In the experimentation, we collect the Web pages in English and Chinese from Open Directory Project for the data sets. Five binary and three multi-class tasks have been set up. Our method gives significant improvement against several existing classifiers, and converges very well.

In summary, in this paper we make the following contributions:

The rest of our paper is organized as follows: In Section 2 we briefly discuss the related work. Following the basic concepts reviewed in Section 3, we introduce the information bottleneck theory in Section 4. Section 5 describes our proposed method in details. The experiments and results are presented in Section 6. In the end, we conclude this paper with future work discussion in Section 7. The detailed proofs to the lemmas and theorems in this paper will be given in Appendix.


2 Related Work

In this section, we review several prior researches mostly related to our work, including traditional classification, cross-language classification and information theoretic learning.

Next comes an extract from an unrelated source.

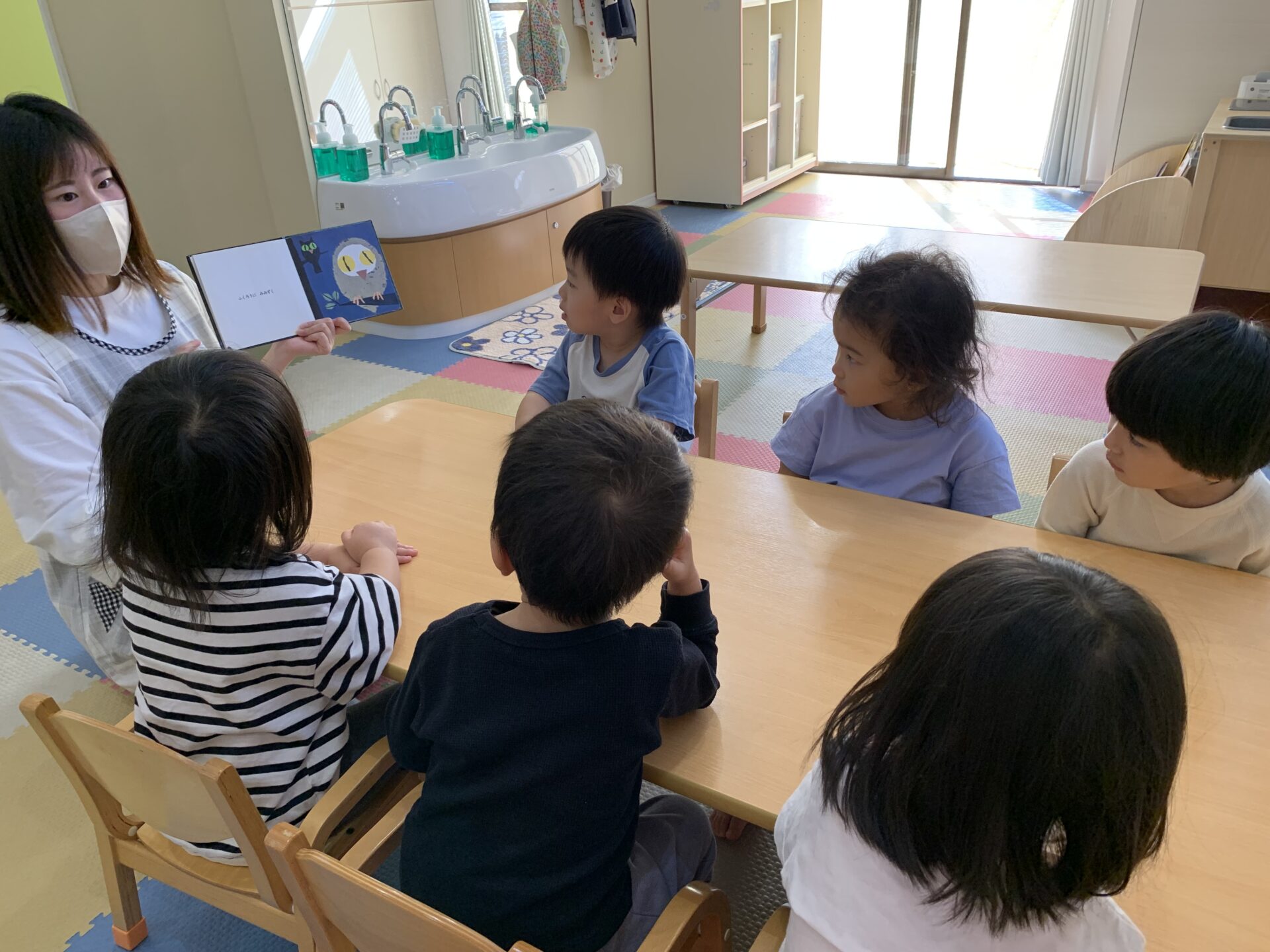 はじめに、「ねないこだれだ」の絵本に出てくるフクロウや写真のフクロウを見せると、バッチリと「フクロウ!!」と答えてくれた子どもたち✨

1 Traditional Classification

The traditional classification formulation is built on the foundation of statistical learning theory. Two schemes are generally considered, where one is supervised classification and the other is semi-supervised classification. Supervised classification focuses on the case where the labeled data are sufficient, and where the learning objective is to estimate a function that maps examples to class labels using the labeled training instances. Examples of supervised classification algorithms include decision trees [25], $K$ nearest neighbor methods [6], naive Bayes classifiers [17], support vector machines [5], and so on.

Semi-supervised classification [32] addresses the problem that the labeled data are too few to build a good classifier. It makes use of a large amount of unlabeled data, together with a small amount of the labeled data to enhance the classifiers. Many semi-supervised learning techniques have been proposed, e.g., co-training [4], EM-based methods [21], transductive learning [13] etc.

As we claimed, there are two main difficulties in the cross-language classification, namely errors by translation and bias by topic drifts, which traditional classifiers cannot handle well. Our proposed method tries to tackle these difficulties via the information bottleneck technique.

2 Cross-Language Text Classification

There are several research works addressing the cross-language classification problem. Bel et al. [3] studied English-Spanish cross-language classification problem. Two scenarios are considered in their work. One scenario assumes to have training documents in both languages. The other scenario is to learn a model from the text in one language and classify the data in another language by translation. In our work, we focus on the second scenario. [26] gave good empirical results on English-Italian cross-language text categorization using an EM-based learning method. Note that to avoid trivial partitions, it applies feature selection before each iteration. [23] employed a general probabilistic English-Czech dictionary to translate Czech text into English and then classified Czech documents using the classifier built on English training data. Other cross-language text classification research include [11] (English-Spanish), [18] (English-Japanese) etc, to be mentioned. In addition to text categorization, there are some other specific cross-language applications: Named Entity Recognition [30], Question Answering [8], etc.

However, most existing algorithms are based on traditional supervised or semi-supervised classification techniques. As we stated, there are two difficulties in the cross-language classification, the translation error and topic drift, which lead to difference in distributions between the Web pages in two languages. Since traditional supervised classification techniques assume identical distribution for training and test data and in the cross-language setting this assumption is hardly met, most existing algorithms will not cope with the cross-language text classification well. In this work, our method tries to handle the Chinese-English cross-language categorization problem by information bottleneck. We will show that our algorithm can better alleviate the impact of translation error and topic drift, and improve the (English to Chinese) cross-language classification performance against existing methods.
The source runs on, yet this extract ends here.